Task brief: Repeat the lines from the line with "The Product Engineering" to the line with "Personenbezogene Daten auf" in the listing below, keeping both end lines and adding nothing.

Input data:
|---|

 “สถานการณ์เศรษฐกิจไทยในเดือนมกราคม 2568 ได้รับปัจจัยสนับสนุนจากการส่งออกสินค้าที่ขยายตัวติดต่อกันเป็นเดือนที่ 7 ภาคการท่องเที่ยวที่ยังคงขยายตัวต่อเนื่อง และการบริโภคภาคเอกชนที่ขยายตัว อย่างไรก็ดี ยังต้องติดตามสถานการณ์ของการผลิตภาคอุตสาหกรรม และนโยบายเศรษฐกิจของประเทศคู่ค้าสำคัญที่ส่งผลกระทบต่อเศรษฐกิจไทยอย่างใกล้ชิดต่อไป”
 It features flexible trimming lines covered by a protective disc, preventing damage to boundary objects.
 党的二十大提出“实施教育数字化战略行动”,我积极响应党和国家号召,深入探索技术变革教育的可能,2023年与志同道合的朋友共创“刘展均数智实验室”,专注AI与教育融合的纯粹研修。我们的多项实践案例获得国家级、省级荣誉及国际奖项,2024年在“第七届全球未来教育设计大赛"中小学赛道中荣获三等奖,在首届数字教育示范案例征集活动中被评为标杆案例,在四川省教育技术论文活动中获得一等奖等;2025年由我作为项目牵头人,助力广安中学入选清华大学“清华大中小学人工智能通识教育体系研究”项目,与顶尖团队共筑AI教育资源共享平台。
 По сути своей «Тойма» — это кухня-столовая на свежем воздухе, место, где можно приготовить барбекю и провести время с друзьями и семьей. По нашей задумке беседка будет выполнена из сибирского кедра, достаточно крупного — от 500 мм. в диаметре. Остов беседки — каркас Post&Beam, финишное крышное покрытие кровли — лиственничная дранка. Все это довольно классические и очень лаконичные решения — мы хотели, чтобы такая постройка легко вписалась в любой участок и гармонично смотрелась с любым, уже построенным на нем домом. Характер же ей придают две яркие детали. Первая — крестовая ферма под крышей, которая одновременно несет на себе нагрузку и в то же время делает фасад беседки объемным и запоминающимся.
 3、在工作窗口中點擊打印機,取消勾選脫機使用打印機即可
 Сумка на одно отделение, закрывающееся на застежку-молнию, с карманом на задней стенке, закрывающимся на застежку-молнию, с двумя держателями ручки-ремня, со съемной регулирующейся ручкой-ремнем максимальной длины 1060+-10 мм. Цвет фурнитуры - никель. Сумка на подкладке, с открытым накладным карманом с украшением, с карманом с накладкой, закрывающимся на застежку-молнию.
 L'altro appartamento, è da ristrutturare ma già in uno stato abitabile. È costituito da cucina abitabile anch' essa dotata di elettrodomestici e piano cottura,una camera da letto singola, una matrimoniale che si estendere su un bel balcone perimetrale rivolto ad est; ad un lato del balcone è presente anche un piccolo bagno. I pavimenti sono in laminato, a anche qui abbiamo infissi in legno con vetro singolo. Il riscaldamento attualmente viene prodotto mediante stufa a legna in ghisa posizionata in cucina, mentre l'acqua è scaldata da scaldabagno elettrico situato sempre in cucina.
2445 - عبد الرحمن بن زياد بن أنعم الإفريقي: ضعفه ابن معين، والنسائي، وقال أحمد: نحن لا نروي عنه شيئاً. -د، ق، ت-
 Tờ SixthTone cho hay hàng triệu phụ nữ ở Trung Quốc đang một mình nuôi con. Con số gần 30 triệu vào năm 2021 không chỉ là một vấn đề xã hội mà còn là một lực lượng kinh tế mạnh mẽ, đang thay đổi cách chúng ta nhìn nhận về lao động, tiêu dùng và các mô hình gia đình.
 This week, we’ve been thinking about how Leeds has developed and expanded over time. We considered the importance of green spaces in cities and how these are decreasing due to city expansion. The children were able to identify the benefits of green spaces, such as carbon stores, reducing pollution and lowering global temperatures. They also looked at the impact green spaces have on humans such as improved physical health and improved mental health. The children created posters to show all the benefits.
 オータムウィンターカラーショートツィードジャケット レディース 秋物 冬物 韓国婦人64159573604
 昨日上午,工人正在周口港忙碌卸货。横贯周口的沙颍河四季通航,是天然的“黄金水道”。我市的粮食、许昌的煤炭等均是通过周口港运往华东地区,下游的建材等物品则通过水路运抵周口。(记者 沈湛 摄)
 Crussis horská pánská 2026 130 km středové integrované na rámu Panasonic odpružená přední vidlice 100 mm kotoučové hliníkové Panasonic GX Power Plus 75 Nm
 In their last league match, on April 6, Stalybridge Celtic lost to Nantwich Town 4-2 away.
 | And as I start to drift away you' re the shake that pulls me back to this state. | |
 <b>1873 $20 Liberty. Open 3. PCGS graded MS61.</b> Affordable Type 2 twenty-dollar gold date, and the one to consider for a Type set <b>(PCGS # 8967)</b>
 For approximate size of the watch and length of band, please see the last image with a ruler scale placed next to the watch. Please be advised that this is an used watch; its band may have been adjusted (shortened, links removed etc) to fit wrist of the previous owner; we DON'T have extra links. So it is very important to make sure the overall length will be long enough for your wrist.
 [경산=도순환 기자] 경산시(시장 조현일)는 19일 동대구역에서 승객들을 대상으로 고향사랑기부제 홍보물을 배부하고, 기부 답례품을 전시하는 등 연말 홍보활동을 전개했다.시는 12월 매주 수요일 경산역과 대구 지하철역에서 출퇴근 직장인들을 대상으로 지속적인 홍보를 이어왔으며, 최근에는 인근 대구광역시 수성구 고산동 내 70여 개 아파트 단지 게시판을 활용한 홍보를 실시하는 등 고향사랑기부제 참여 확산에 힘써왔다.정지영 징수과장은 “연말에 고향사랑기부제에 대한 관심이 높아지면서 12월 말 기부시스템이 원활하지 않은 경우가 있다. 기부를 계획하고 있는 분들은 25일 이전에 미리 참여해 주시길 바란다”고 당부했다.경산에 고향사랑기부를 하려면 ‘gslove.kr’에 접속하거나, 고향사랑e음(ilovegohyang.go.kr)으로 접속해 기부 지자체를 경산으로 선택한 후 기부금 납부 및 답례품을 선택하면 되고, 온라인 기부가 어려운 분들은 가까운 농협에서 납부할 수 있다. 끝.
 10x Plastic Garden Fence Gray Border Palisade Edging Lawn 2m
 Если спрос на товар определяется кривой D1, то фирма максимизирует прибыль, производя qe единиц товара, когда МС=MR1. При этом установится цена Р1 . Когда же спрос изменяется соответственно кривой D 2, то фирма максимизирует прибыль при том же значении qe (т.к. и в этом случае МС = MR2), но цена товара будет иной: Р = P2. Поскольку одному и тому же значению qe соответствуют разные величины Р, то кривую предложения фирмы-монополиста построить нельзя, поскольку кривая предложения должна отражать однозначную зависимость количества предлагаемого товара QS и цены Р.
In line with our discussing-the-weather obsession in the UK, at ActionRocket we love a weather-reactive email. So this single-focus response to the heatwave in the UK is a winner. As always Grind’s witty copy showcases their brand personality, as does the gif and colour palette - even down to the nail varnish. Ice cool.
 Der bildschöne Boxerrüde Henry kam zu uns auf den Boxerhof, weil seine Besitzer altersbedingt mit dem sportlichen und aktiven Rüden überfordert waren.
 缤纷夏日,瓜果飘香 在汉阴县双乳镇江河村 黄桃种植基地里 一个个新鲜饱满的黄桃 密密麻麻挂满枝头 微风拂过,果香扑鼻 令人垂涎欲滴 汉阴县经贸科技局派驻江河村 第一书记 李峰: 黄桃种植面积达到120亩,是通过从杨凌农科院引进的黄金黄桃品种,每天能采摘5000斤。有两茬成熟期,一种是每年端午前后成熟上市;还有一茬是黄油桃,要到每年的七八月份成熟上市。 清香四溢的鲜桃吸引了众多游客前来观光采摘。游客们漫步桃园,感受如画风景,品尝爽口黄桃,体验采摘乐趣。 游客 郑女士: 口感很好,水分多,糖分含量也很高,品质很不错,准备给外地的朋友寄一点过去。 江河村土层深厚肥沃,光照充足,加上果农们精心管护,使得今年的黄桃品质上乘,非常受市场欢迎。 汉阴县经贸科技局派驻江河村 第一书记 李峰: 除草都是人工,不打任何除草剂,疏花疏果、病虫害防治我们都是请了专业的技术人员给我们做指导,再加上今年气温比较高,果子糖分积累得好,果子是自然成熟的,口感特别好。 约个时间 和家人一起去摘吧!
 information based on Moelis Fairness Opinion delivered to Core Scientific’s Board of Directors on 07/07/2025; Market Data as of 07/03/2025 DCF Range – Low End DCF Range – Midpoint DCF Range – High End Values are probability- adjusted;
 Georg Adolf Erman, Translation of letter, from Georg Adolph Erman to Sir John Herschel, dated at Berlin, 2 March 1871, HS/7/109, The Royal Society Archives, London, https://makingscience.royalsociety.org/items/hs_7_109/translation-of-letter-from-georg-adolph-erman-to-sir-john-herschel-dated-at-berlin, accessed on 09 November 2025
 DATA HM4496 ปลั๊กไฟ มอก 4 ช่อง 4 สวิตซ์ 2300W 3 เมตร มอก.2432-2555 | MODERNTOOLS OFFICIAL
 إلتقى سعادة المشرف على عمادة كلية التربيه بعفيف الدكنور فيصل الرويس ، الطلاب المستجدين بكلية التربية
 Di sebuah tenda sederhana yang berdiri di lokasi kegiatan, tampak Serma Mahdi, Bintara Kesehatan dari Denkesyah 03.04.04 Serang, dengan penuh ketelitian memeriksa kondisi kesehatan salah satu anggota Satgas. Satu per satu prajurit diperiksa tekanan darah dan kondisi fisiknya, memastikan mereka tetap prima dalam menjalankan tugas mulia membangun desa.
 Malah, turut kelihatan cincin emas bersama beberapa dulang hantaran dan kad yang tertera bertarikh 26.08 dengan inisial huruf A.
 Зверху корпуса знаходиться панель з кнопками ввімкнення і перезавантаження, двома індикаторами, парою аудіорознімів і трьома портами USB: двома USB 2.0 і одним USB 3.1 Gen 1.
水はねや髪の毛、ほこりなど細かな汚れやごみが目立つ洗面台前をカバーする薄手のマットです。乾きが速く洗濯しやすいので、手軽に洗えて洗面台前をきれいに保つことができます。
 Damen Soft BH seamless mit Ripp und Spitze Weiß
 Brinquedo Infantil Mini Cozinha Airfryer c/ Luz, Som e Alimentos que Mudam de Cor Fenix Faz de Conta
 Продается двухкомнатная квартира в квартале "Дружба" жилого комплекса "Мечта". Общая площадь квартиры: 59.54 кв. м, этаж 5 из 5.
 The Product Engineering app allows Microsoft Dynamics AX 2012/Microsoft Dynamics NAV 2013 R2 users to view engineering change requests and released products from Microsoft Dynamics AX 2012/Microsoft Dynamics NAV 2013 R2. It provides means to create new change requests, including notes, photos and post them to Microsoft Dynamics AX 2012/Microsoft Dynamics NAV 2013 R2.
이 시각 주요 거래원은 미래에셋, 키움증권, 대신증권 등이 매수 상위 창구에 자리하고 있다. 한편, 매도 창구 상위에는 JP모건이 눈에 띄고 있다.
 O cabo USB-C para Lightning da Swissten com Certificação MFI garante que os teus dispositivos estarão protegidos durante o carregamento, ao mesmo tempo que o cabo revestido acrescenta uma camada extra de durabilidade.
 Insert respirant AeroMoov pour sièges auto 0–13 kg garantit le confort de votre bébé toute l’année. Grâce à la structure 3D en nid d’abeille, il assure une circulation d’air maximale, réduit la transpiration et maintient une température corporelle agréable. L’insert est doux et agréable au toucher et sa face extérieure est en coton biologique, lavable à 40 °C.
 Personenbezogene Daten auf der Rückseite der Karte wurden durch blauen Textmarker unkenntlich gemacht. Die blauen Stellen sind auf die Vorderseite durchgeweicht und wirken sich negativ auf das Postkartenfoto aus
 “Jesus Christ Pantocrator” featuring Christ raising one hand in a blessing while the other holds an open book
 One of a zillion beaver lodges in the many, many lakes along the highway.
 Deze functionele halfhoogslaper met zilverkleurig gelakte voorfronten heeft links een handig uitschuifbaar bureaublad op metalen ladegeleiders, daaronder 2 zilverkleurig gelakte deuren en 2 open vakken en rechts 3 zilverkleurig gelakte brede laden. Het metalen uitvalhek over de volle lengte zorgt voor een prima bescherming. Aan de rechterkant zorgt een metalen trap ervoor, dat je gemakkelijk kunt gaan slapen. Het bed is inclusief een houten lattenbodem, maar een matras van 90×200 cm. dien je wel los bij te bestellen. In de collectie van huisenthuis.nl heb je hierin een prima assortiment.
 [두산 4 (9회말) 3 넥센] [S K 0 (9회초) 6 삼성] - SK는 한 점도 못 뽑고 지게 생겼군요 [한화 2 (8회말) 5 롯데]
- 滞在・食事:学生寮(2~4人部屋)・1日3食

|---|

Task result:
 The Product Engineering app allows Microsoft Dynamics AX 2012/Microsoft Dynamics NAV 2013 R2 users to view engineering change requests and released products from Microsoft Dynamics AX 2012/Microsoft Dynamics NAV 2013 R2. It provides means to create new change requests, including notes, photos and post them to Microsoft Dynamics AX 2012/Microsoft Dynamics NAV 2013 R2.
이 시각 주요 거래원은 미래에셋, 키움증권, 대신증권 등이 매수 상위 창구에 자리하고 있다. 한편, 매도 창구 상위에는 JP모건이 눈에 띄고 있다.
 O cabo USB-C para Lightning da Swissten com Certificação MFI garante que os teus dispositivos estarão protegidos durante o carregamento, ao mesmo tempo que o cabo revestido acrescenta uma camada extra de durabilidade.
 Insert respirant AeroMoov pour sièges auto 0–13 kg garantit le confort de votre bébé toute l’année. Grâce à la structure 3D en nid d’abeille, il assure une circulation d’air maximale, réduit la transpiration et maintient une température corporelle agréable. L’insert est doux et agréable au toucher et sa face extérieure est en coton biologique, lavable à 40 °C.
 Personenbezogene Daten auf der Rückseite der Karte wurden durch blauen Textmarker unkenntlich gemacht. Die blauen Stellen sind auf die Vorderseite durchgeweicht und wirken sich negativ auf das Postkartenfoto aus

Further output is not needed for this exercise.